Note: For Kind clusters, consider using simulated-accelerators if vLLM GPU detection fails. Saturation-based scaling does not require node patching—it only uses workload metrics (KV cache utilization, queue length). Simulator pods don't request GPUs, so they can schedule without node patching. If using regular vLLM with GPU resource requests on Kind, you must patch nodes for pods to schedule (e.g., kubectl patch node <node-name> -p '{"status":{"capacity":{"nvidia.com/gpu":"8"}}}'). WVA automatically discovers its namespace via POD_NAMESPACE.

Step 3: Create WVA Namespace (if needed)

The helmfile creates llm-d-autoscaler namespace automatically if it doesn't exist.
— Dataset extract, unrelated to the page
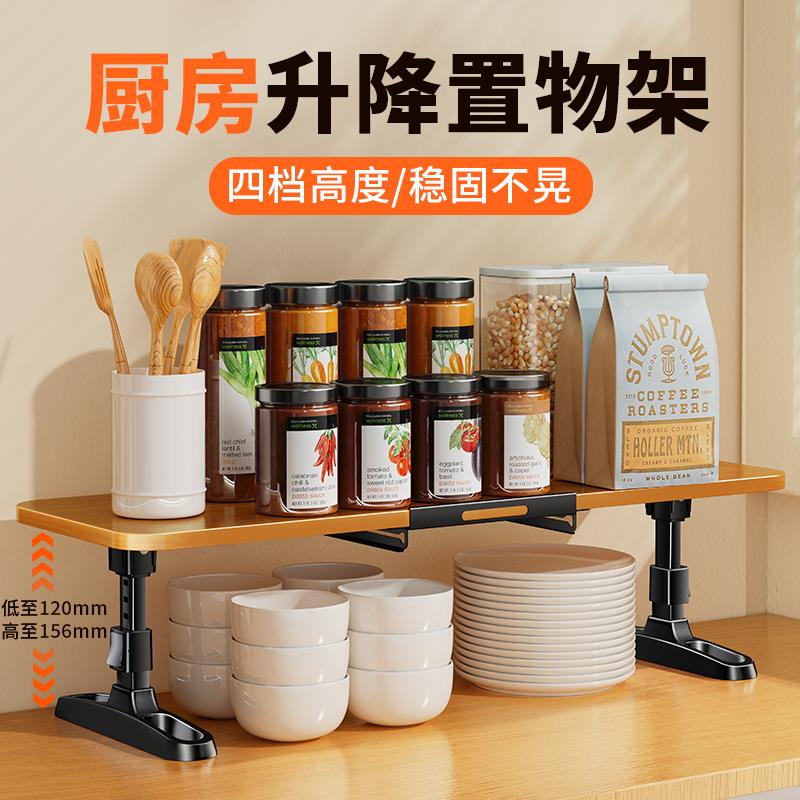 可升降折叠厨房置物架台面橱柜内分层调料收纳伸缩碗碟备菜托架子 - 塞斯卡生活馆

Note: If you created the namespace in Prerequisites #4 for the HF token secret, it's already created.

For OpenShift only, ensure the namespace has the monitoring label:

export NAMESPACE=${NAMESPACE:-llm-d-autoscaler}
kubectl label namespace "${NAMESPACE}" openshift.io/user-monitoring=true --overwrite

Step 4: Install WVA CRDs (Required)

Install WVA CRDs before deploying:

kubectl apply -f https://raw.githubusercontent.com/llm-d-incubation/workload-variant-autoscaler/v0.5.1/charts/workload-variant-autoscaler/crds/llmd.ai_variantautoscalings.yaml
kubectl get crd variantautoscalings.llmd.ai

Step 5: Install WVA (with llm-d Stack - if not deployed already)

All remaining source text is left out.